Determine 4 – Asset Allocation Portfolio Style Take a look at, 1972-2022

Supply: GFD
It’s fairly laborious to inform the distinction, proper?
This will shock you, however column A is US shares. Column B is a portfolio made up of international shares, bonds, REITs, and gold, with a bit leverage thrown in. (Our mates at Leuthold name the idea the Donut Portfolio.)
Each portfolios have close to similar threat and return metrics.
The stunning conclusion – you may replicate the historic return stream of US shares with out proudly owning any US shares.
There’s no motive to cease right here…
It is vitally easy to assemble a historic backtest with a lot superior threat and return metrics than what you’d get investing in US shares alone. Transferring from market cap weighted US shares to one thing like a shareholder yield strategy traditionally has added just a few share factors of returns in simulations. Additions akin to a pattern following strategy will be vastly additive over time within the areas of diversification and threat discount. We imagine that buyers can obtain greater returns with decrease volatility and drawdown with these additions. For extra particulars, we’d direct you to our outdated Trinity Portfolio white paper…)

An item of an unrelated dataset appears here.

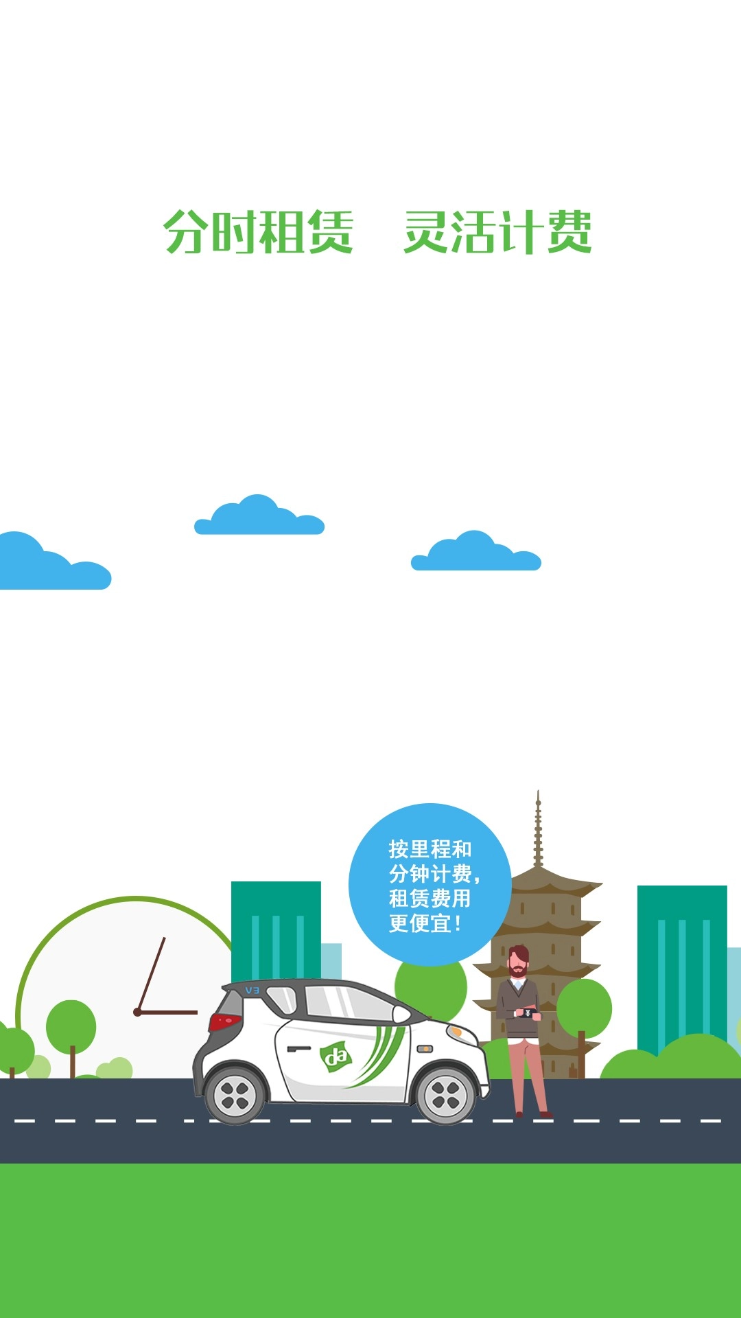 3、租车费用经济实惠,新式的租车方法根据里程与分钟收取费用绝不占用户的一毫便宜;

Regardless of not essentially needing US shares, for many of us, they’re the start line. They’re good to have however you don’t HAVE to personal them, and definitely not with everything of your portfolio.
Because the US inventory market is displaying some cracks whereas buying and selling close to report valuation territory, possibly it’s time to rethink the close to universally held sacred perception…
“You need to be all in on US shares.”